# PyPotteryLens YOLO Training Notebook

This notebook demonstrates how to train a YOLO (You Only Look Once) segmentation model for pottery detection and analysis. The model uses YOLOv8 architecture for object detection and instance segmentation on archaeological pottery images.

## Overview
- **Purpose**: Train a deep learning model to detect and segment pottery artifacts in images
- **Architecture**: YOLOv8 with segmentation capabilities
- **Framework**: Ultralytics YOLO implementation
- **Environment**: Google Colab (with GPU acceleration recommended)

## Prerequisites
- Google Colab account with access to GPU runtime
- Prepared dataset in YOLO format (images + annotations)
- YAML configuration file defining dataset paths and classes

In [None]:
from google.colab import drive
drive.mount('/content/drive')

## 1. Setup Environment

### Mount Google Drive
First, we need to mount Google Drive to access our dataset and save training results. This will prompt you to authenticate and grant access to your Google Drive.

In [None]:
!pip install ultralytics

### Install Required Packages
Install the Ultralytics package which provides the YOLOv8 implementation. This includes all necessary dependencies for training and inference.

In [None]:
from ultralytics import YOLO
from matplotlib import pyplot as plt
from PIL import Image

### Import Libraries
Import the necessary libraries for model training and visualization:
- `YOLO`: Main class for loading and training YOLO models
- `matplotlib.pyplot`: For plotting training results and visualizations
- `PIL.Image`: For image processing and display

In [None]:
from ultralytics import YOLO

# Load a model
model = YOLO("yolo8x-seg.yaml")  # build a new model from YAML
model = YOLO("yolo8x.pt")  # load a pretrained model (recommended for training)
#model = YOLO("yolo11m-seg.yaml").load("yolo11m.pt")  # build from YAML and transfer weights


## 2. Model Initialization

### Load Pre-trained YOLO Model
We initialize a YOLOv8 model for segmentation. There are several options:

1. **Build from YAML**: `YOLO("yolo8x-seg.yaml")` - Creates a new model architecture
2. **Load pre-trained weights**: `YOLO("yolo8x.pt")` - **Recommended** for training as it provides a good starting point
3. **Combine both**: Build from YAML and load pre-trained weights for transfer learning

The `yolo8x.pt` model is the extra-large variant with the best accuracy, ideal for detailed pottery analysis.

In [None]:
# define number of classes based on YAML
import yaml
with open("PATH_TO_YAML", 'r') as stream:
    num_classes = str(yaml.safe_load(stream)['names'])

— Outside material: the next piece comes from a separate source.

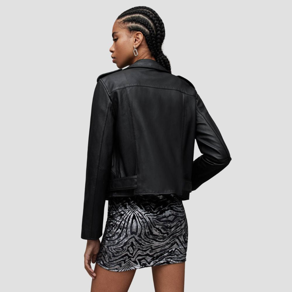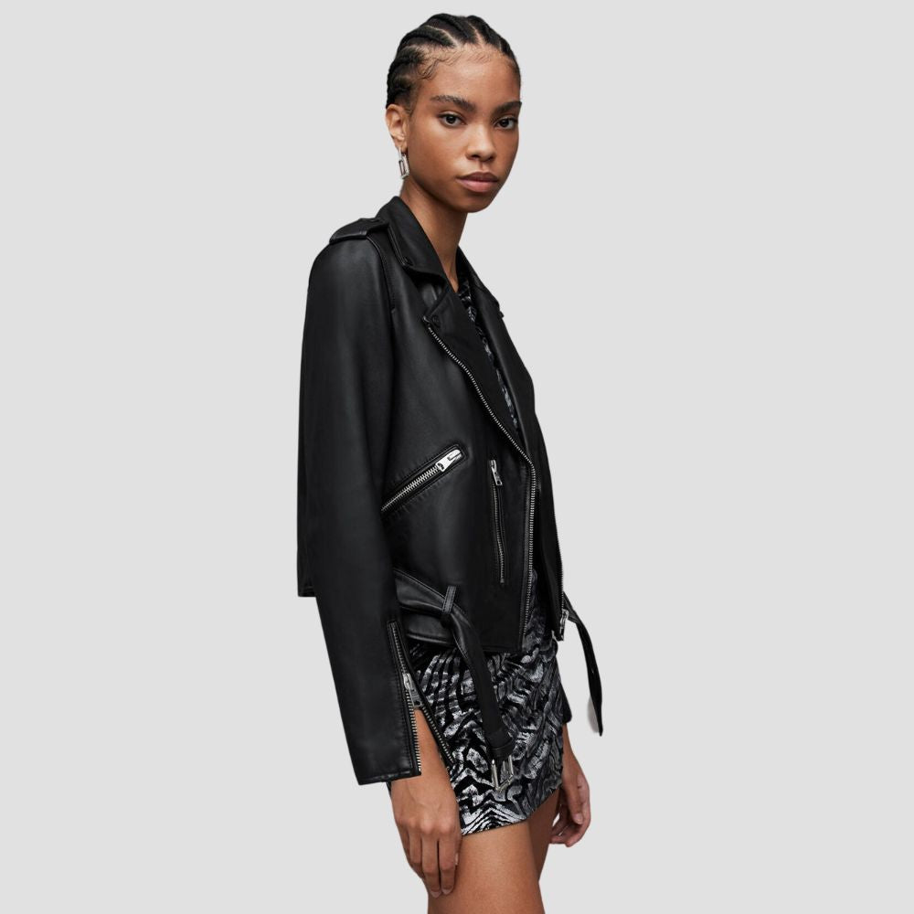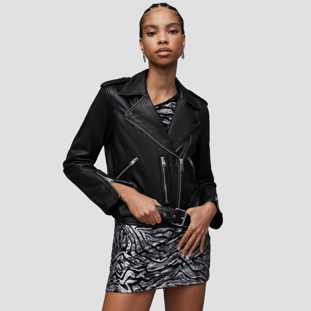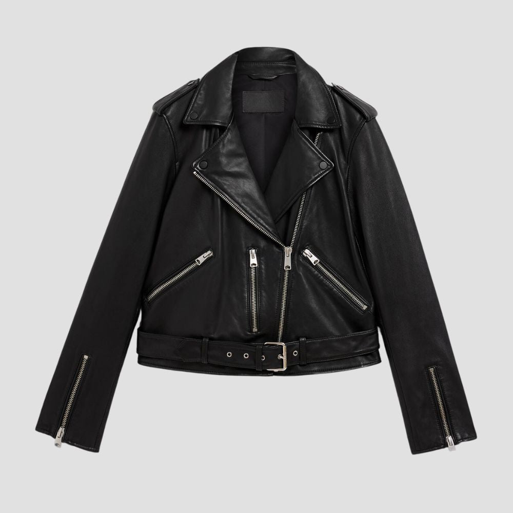 Balfern Belted Hem Leather Biker Jacket
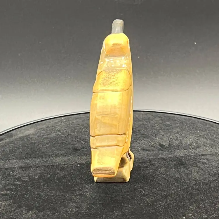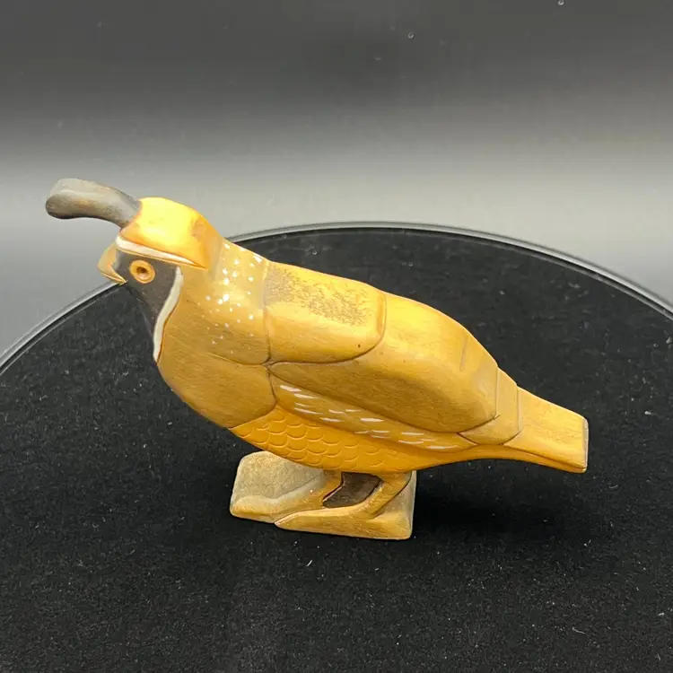 This adorable handcrafted and handpainted vintage wood quail is marked “Stapp” on its base. It measures 4.5” long, 3.25” tall, and 1” wide. There are no call outs. Please see all photos.

## 3. Dataset Configuration

### Load Dataset Information
Read the YAML configuration file to understand the dataset structure and classes. The YAML file should contain:
- `path`: Root directory of the dataset
- `train`: Path to training images
- `val`: Path to validation images  
- `names`: Dictionary or list of class names

**Note**: Replace `"PATH_TO_YAML"` with the actual path to your dataset configuration file (e.g., `"/content/drive/MyDrive/pottery_dataset/data.yaml"`).

In [None]:
num_classes

### Verify Dataset Classes
Display the classes defined in your dataset to ensure they match your expectations.

In [None]:
#Define a project --> Destination directory for all results
project = "PATH_TO_PROJECT"  # e.g., "/content/drive/MyDrive/YOLO_12_200m_epochs-X"
#Define subdirectory for this specific training
name = "YOLO_8_200m_epochs" #note that if you run the training again, it creates a directory: 200_epochs-2

## 4. Training Configuration

### Set Output Directories
Configure where training results will be saved:
- **project**: Main directory for all training experiments
- **name**: Subdirectory for this specific training run

**Important**: Replace `"PATH_TO_PROJECT"` with your actual project path (e.g., `"/content/drive/MyDrive/pottery_experiments"`).

If you run training multiple times with the same name, YOLO automatically creates numbered subdirectories (e.g., `YOLO_8_200m_epochs-2`).

In [None]:
# Train the model
results = model.train(data='PATH_TO_YAML',
                      project=project,
                      name=name,
                      epochs=200, #200
                      patience=10, #I am setting patience=0 to disable early stopping.
                      batch=-1, #8
                      imgsz=800, #800
                      fliplr= 0.6,
                      single_cls = True,
                      mask_ratio = 1,
                      )

## 5. Model Training

### Start Training Process
Configure and start the YOLO model training with optimized parameters for pottery detection:

#### Key Training Parameters:
- **data**: Path to your YAML configuration file ⚠️ *Replace with actual path*
- **epochs**: Number of training iterations (200 for thorough training)
- **patience**: Early stopping patience (10 = stop if no improvement for 10 epochs)
- **batch**: Batch size (-1 = auto-detect optimal size based on GPU memory)
- **imgsz**: Input image size (800x800 pixels for detailed pottery features)
- **fliplr**: Horizontal flip augmentation probability (0.6 = 60% chance)
- **single_cls**: Treat all classes as one (True for general pottery detection)
- **mask_ratio**: Ratio of mask loss to box loss (1 = equal weighting)

#### Training Process:
The training will automatically:
1. Validate dataset structure
2. Download pre-trained weights if needed
3. Start training with progress tracking
4. Save best weights and training metrics
5. Generate training plots and validation results

### Training Control
Use this cell to manually stop training if needed. This is useful for debugging or if you need to interrupt the training process.

In [None]:
from ultralytics import YOLO
model = YOLO('/content/drive/MyDrive/Schedinator/Pots/results/300m_epochs-/weights/best.pt')  # load a partially trained model
results = model.train(resume=True)

## 6. Resume Training (Optional)

### Continue from Checkpoint
If training was interrupted or you want to continue from a previously saved model, use this section to resume training.

**Steps to resume:**
1. Update the path to point to your `best.pt` or `last.pt` model file
2. The `resume=True` parameter will continue from where training left off
3. All previous training settings will be restored automatically

**Example path format**: `/content/drive/MyDrive/YourProject/runs/segment/train/weights/best.pt`